About this task
Using the listing below, print the line containing "八三 台北監獄長台湾総督府典", the line containing "в Яхроме купить", and each line between them, exactly and nothing else. Pictures stay out of the print.

START Excerpted records

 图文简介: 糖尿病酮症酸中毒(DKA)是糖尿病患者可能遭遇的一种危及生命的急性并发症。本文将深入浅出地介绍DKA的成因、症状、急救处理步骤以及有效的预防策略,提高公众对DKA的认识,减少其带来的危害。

END Excerpted records
START Excerpted records

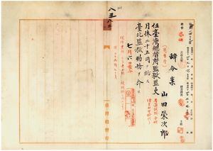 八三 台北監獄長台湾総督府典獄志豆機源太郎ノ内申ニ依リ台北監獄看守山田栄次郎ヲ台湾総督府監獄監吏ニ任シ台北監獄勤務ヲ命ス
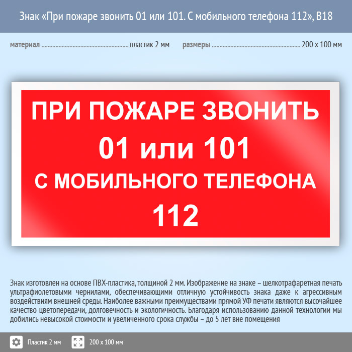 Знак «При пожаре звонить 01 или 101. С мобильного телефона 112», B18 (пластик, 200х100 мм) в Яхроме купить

END Excerpted records

Solution for this task
 八三 台北監獄長台湾総督府典獄志豆機源太郎ノ内申ニ依リ台北監獄看守山田栄次郎ヲ台湾総督府監獄監吏ニ任シ台北監獄勤務ヲ命ス
 Знак «При пожаре звонить 01 или 101. С мобильного телефона 112», B18 (пластик, 200х100 мм) в Яхроме купить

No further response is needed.